A Dra Ceuci Nunes, infectologista e diretora do Hospital Couto Maia, em Salvador, reagiu a notícia de que o Brasil está com mais de 600 mil mortes por covid-19, se solidarizando com as famílias que perderam seus entes queridos. “Muitas delas, perderam mais de uma pessoa”, lamentou a médica que testemunhou o avanço da pandemia de perto. Para além do lamento e solidariedade, no entanto, Ceuci considera importante parar para pensar o que está acontecendo no país, em que, neste ano, tivemos mais mortes por covid do que qualquer outro país no mundo. “Isso poderia ter sido evitado, se tivéssemos vacinas”, avaliou ela, mencionando a negligência do Governo Federal e do Ministério da Saúde em garantir a negociação de vacinas, desde o primeiro momento. “O Ministério da Saúde abdicou da sua função de orientar a população, orientar as medidas de restrição e uso de máscaras.

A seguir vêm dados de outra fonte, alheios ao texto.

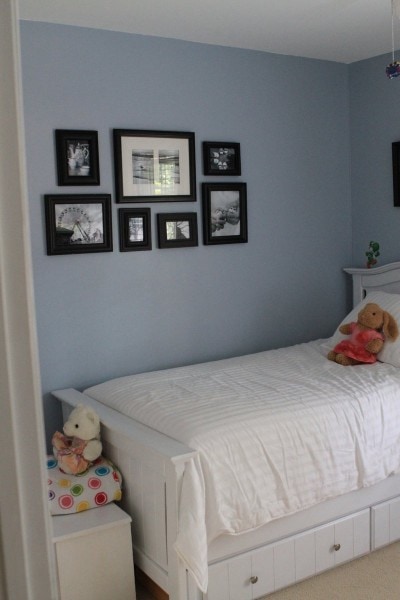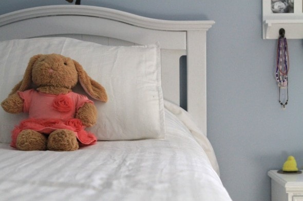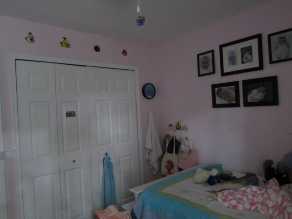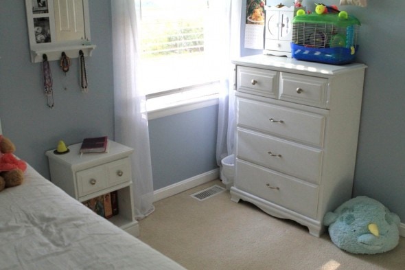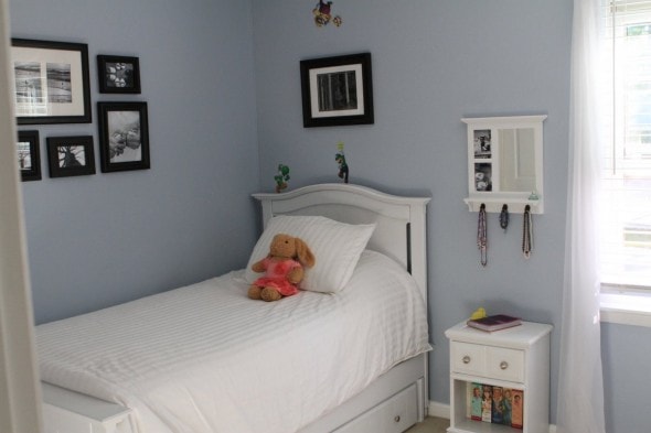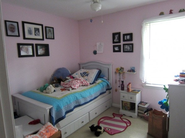(Zoe had that bedroom for a long time because until last year, it housed a crib-turned-toddler-bed that no one but her could fit into! When we bought the twin-sized white bed and painted it (before and after photos of that project right here), we told her she could stay in that room for a year to enjoy the new bed, and then we’d move her in with Sonia so that Lisey could have her own space.)
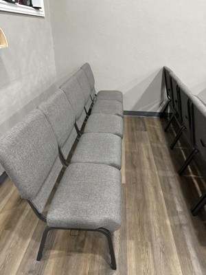 The Java Molded Foam Church Chair - 20.5 in. Wide with Textured Black Frame provides a durable seating solution for your fellowship hall or convention center. This comfortably padded stack chair not only satisfies seating in Churches, but work well in hotel lobbies, banquet halls and conference facilities. Keep all guests engaged with the 4" thick foam padding containing zero fillers. Integrated ganging devices connect chairs together for uniform row seating. This padded chair was built to last with a 1000 lb. weight capacity, 16 gauge steel frame and T-Nut construction with a metal on metal connection that's more durable than traditional wood screws. These beautifully crafted chairs go from the truck to your Sanctuary, as they don't require any assembly. Save your staff time and frustration with the purchase of these ready-to-use Stackable Church Chairs. Additional Features: Plywood base for seats and backs, Foam and Fabric meet flame retardant specification CA117, Load tested to hold up to 1,000 lbs. of static weight, Durable fabric withstands up to 200,000 double rubs (Wyzenbeek test)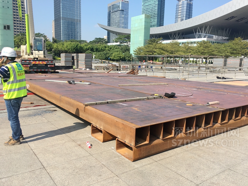 在市民中心南廣場搭建春晚深圳分會(huì)場舞臺(tái),借助深圳燈光秀為背景,確實(shí)是一個(gè)絕佳的創(chuàng)意。要實(shí)現(xiàn)創(chuàng)意,搭建舞臺(tái)是關(guān)鍵一役。去過南廣場看燈光秀的深圳人應(yīng)該知道,南廣場中間位置正好是地下車庫的玻璃采光棚,春晚主舞臺(tái)剛好就位于廣場玻璃采光棚的正上方。玻璃材質(zhì)決定了它無法承受上部集中荷載,需要事先改變傳力路徑或?qū)龅叵虏苛喊暹M(jìn)行加固處理,謝衛(wèi)兵和同事發(fā)現(xiàn),研究舞臺(tái)局部可操作性的加固方案迫在眉睫。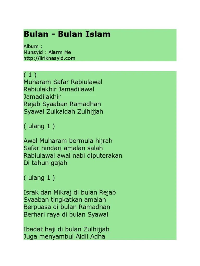 Nama bulan islam dalam kalender hijriyah berdasarkan urutannya, muharram (مُحَرَّم) safar (صَفَر) rabiul awal (رَبِيْعُ الأَوَّل) rabiul akhir (رَبِيع.
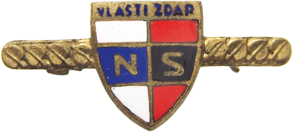 Národní souručenství - odznak pro funkcionáře. Bronz 15 x 33,5 mm, smalty, spona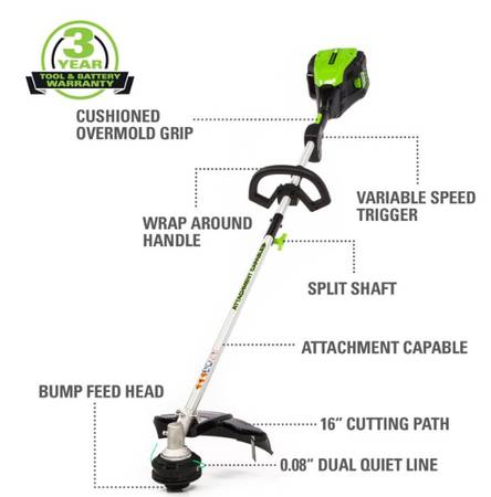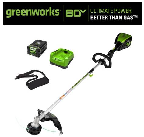 I’m selling a brand new Greenworks 80 Volt (80V electric) 16 inch Brushless Attachment Capable String Trimmer with 2.0 Ah Battery and Charger, 2101102. Comparable to Craftsman, Kobalt Lowe's or Menard's Masterforce 80V trimmers.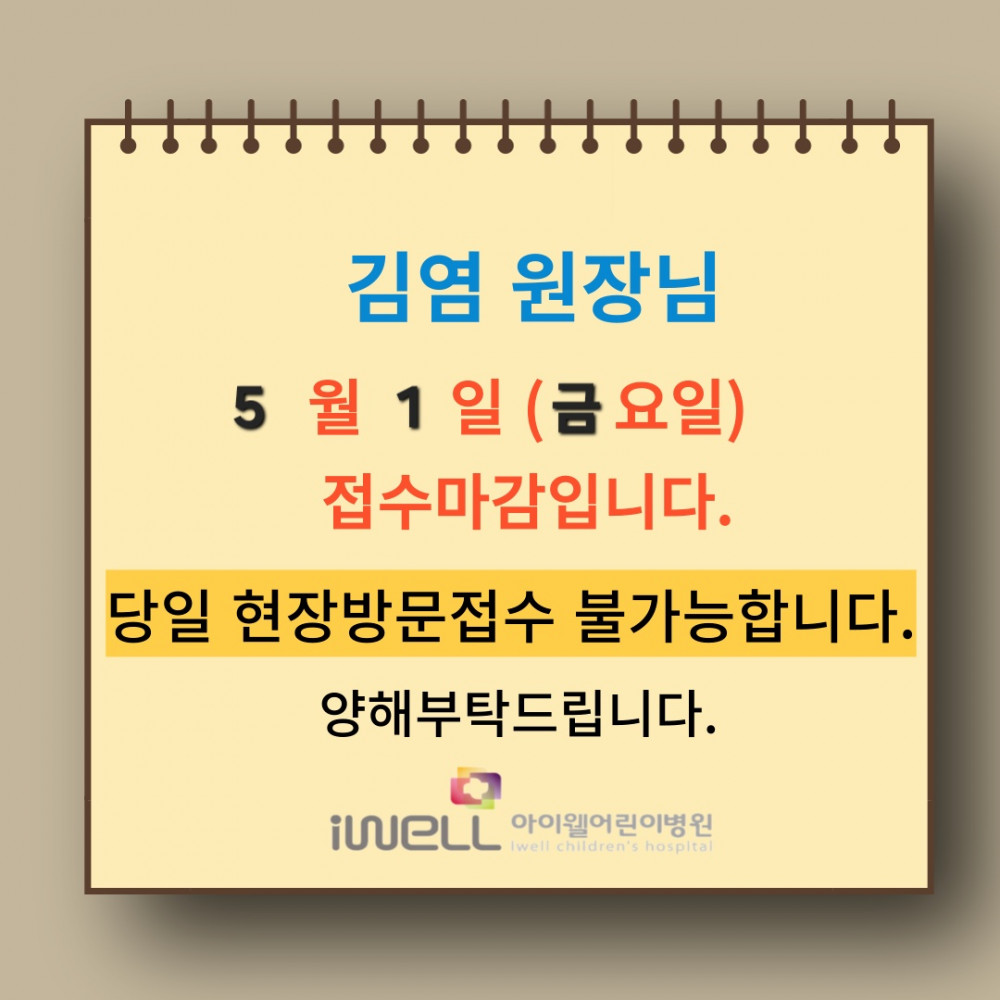 김염 원장님 5월 1일(금) 접수마감 페이지 정보 작성자 관리자 작성일26-04-29 12:51 조회8회 관련링크 이전글 목록 본문 김염 원장님 5월 1일(금) 접수마감 이전글 목록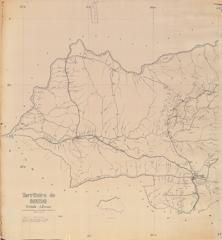 Title: Territoire de Bondo - Scale: 200000 - Assemblage de 2 feuilles - Sheet number/Numéro de feuille/Bladnummer: Ouest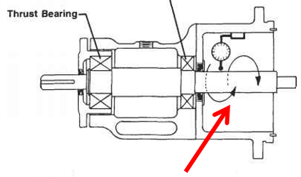 無論推力軸承類型如何,軸端游隙通常不應(yīng)超過 0.25 mm (.010”) TIR。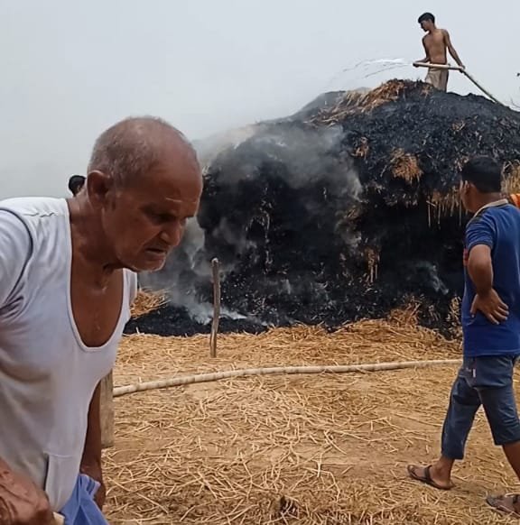 सोनभद्र-: कुड़वा में अज्ञात कारणों से पुआल में लगी आग, ग्रामीणों ने किया मुआवजे की मांग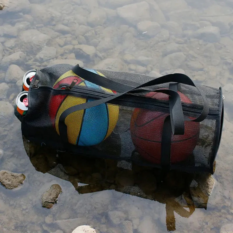 Sports bag with mesh design in the middle to keep ventilated, drawstring closure design for easy opening and closing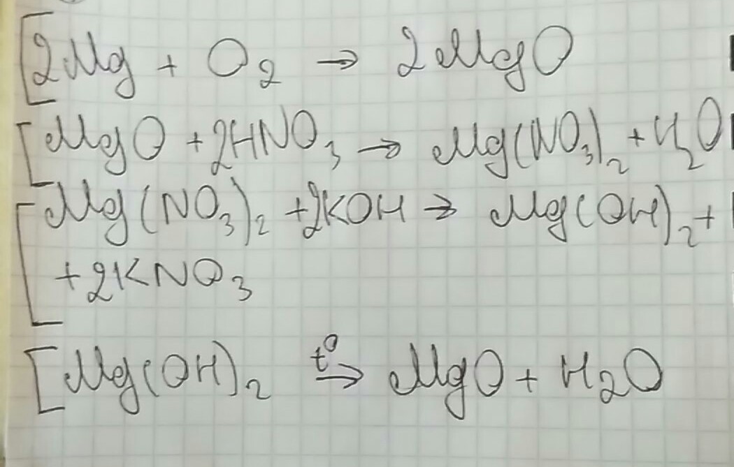 Напишите уравнения реакций, с помощью которых можно осуществить след. уравнения: Mg--->MgO--->Mg(NO3)2--->Mg(OH)2--->MgO. Помогите решить пожалуйста, срочно! Спасибо заранее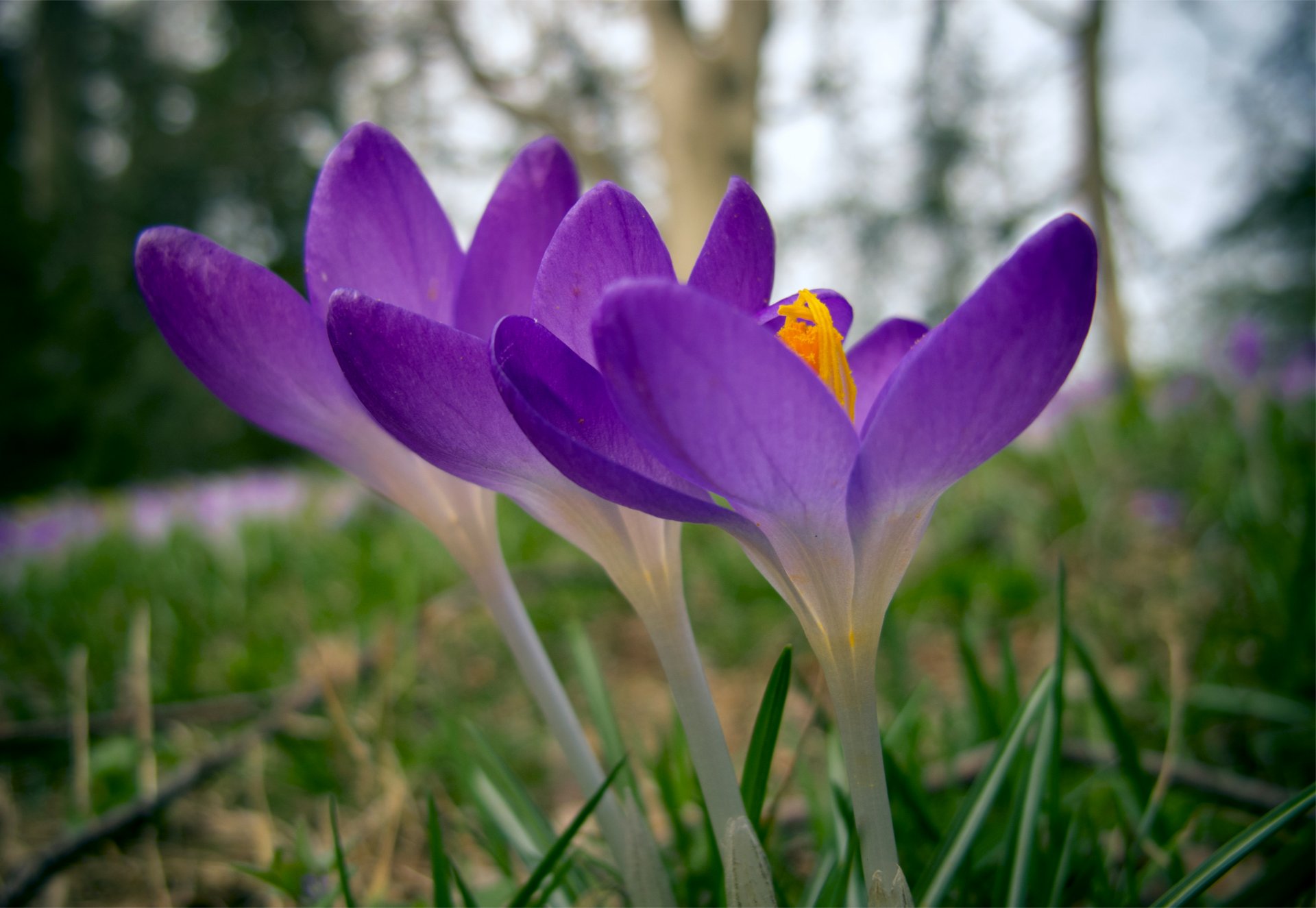 crocus trois fleurs lilas herbe forêt clairière printemps gros plan flou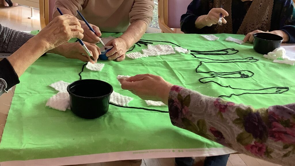 運動だけではありません。壁画作りにも挑戦してます。仕上がりが楽しみですね。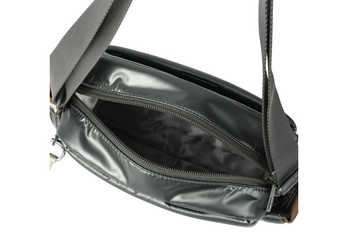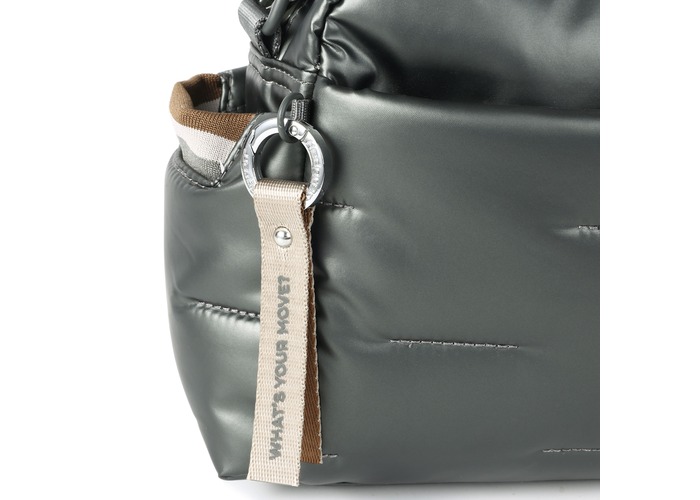 Вместительная, дутая сумка через плечо, освобождает руки и дает возможность быстро воспользоваться предметами первой необходимости в дороге или каждый день. Оснащена тремя отделениями на молнии и боковыми карманами для мелочей с карабином для ключей. В основном отделении 2 небольших кармана и съёмная, водоотталкивающая косметичка на молнии. Выполнена из плотного 100% polyester.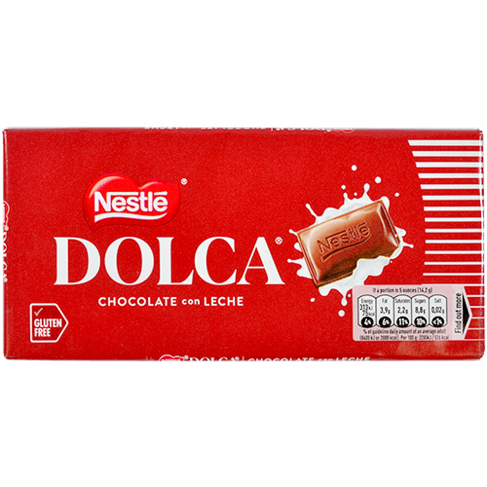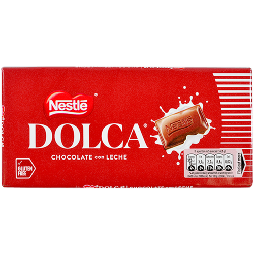 Tableta de chocolate con leche Nestlé Dolca. Un chocolate con leche cremoso para todos los gustos y apto para una dieta sin gluten.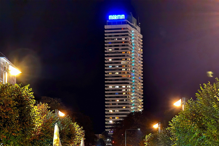 Das markante 36-stöckige Hochhaus weist mit seiner einmaligen Lage mit bestem Blick auf die Lübecker Bucht und den regen Schiffsverkehr in der Mündung der Trave auch gleichzeitig den Schiffen als höchstes Leuchtfeuer Europas den Weg. Mit ihren komfortablen Zimmern, Suiten und Gesellschaftsräumen, hochklassigen Restaurants, grosszügigen Wellnessbereichen und attraktiven Bars gelten die Maritim Hotels als Aushängeschild der deutschen First Class Hotellerie.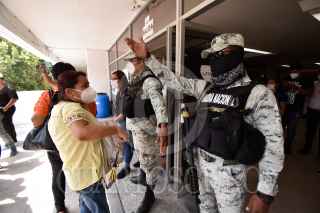 CHILPANCINGO, GUERRERO, 08MARZO2021.- Trabajadores de la clínica-hospital del ISSSTE en Chilpancingo, se manifestaron frente a sus instalaciones para exigir la inmediata destitución de la administradora Jairán Jacqueline Bailón Méndez, a quien señalan de acoso laboral y prácticas incorrectas en la administración del nosocomio. El personal del hospital fue apoyado por un grupo de maestros cetegistas que acudieron a solidariamente a la protesta, colocaron sus pancartas y gritaron consignas en contra de la funcionaria. Los quejosos establecieron que la administradora desde el mes de octubre pasado inicio una campaña de hostigamiento contra un grupo de trabajadores a los que les ha levantado actas administrativas con argumentos falsos, además de asignar cargas de trabajo diferentes para que se generen situaciones adversas que deriven en más actas administrativas. También acusaron a Bailón Méndez de tener familiares como trabajadores de contrato al interior del nosocomio lo que es considerado como nepotismo laboral, y estos perciben salarios superiores a los que tiene otros empleados que desempeñan la misma función. La protesta inició alrededor de las 11 y media de la mañana y en ella participaron alrededor de 50 trabajadores que se duplicaron con la participación de los cetegistas. FOTO: DASSAEV TÉLLEZ ADAME/CUARTOSCURO.COM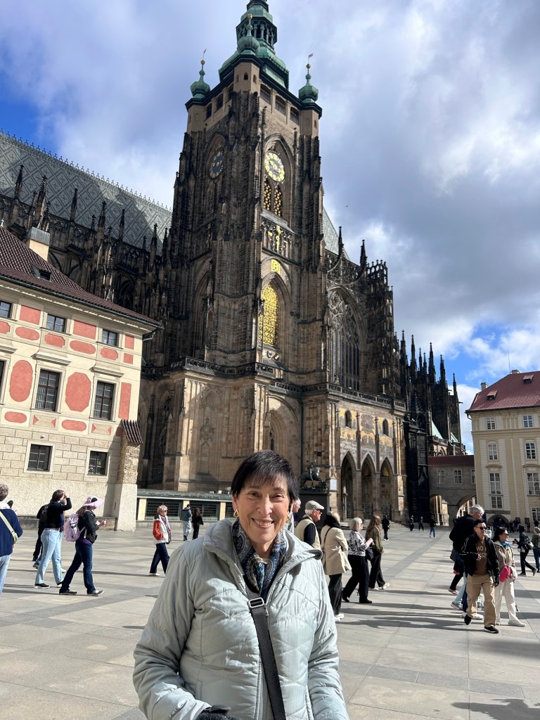 We had a walking tour in the morning provided by our tour company, Viking. We started at the top of the castle hill and toured that area. Prague Castle is the largest in the world, composed of many different buildings and covers 80,000 square meters. Then we walked down the hill stopping to try chocolate at a famous shop. We crossed the Charles Bridge learning its history.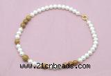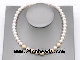 Details: Fashion pearl necklace: 16 - 24 inches 9mm - 10mm potato white freshwater pearls & white fossil jasper beaded necklace finished with copper spring ring clasp Item: CFN753 Material: 9-10mm potato white freshwater pearls 10/12mmmm round white fossil jasper beads 2*5mm copper spacers (No.4) 11mm copper spring ring clasp (you can choose different spacer & clasp, if you like sterling silver clasp, other clasp or better quality potato white freshwater pearls we don't show, please contact us before you placing order) Color: See image Style: No.1: Non-knotted (Default) No.2: Hand-knotted Length (inch): Approx 16 inch (16-17”, Default) You can choose 17”(17-18”); 18”(18-19”); 19”(19-20”); 20”(20-21”); 22”(22-23”) or 24”(24-25”) Quantity Discount Pricing: 1 - 4: None 5 - 49: 95% 50 - 99: 90% 100+: 85% The listed price is for 1 piece 16 inch Non-knotted & Color/Number #1 necklace; The picture shows 17.5 inch Non-knotted & Color/Number #5 necklace Custom orders are available upon request! The picture is for reference only, there will be tiny different in shape, color or quality for some products from different date code. we will send your orders randomly according to our stock
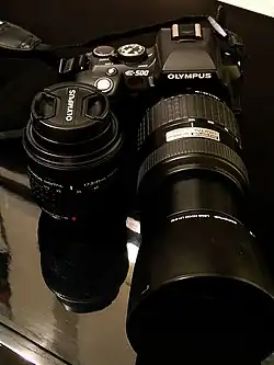 Die Olympus E-500 ist die dritte Kamera, die im von Olympus und Kodak entwickelten Four-Thirds-Standard gefertigt wurde.[1] Ihre Markteinführung erfolgte im November 2005. Diese digitale Spiegelreflexkamera verfügt über einen 8-Megapixel-Sensor. Da sie kompatibel zum von Olympus entwickelten E-System ist, steht für die Kamera eine Palette an Zuiko-Objektive zur Verfügung. Die E-500 hat einen 2,5 Zoll großen Monitor mit 215.250 Pixel und einen Ultraschall-Staubfilter (Supersonic Wave Filter), der Staubpartikel durch Ultraschall vom Bildsensor entfernt.

O Ministério da Saúde demorou muito para comprar vacinas”, criticou. Após tantos erros de gestão, a infectologista resigna-se diante da necessidade de torcer pelo avanço consolidado da campanha de imunização e da manutenção dos protocolos sanitários básicos. “Precisamos seguir adiante e o que nos resta é vacinar. Não podemos cair no conto de deixar de usar máscara, pois ainda não é tempo”, alertou. Ela argumento que os numeros de covid estão caindo, mas o vírus ainda circula. “Vamos nos solidarizar, mais uma vez, com estas famílias enlutadas”, concluiu.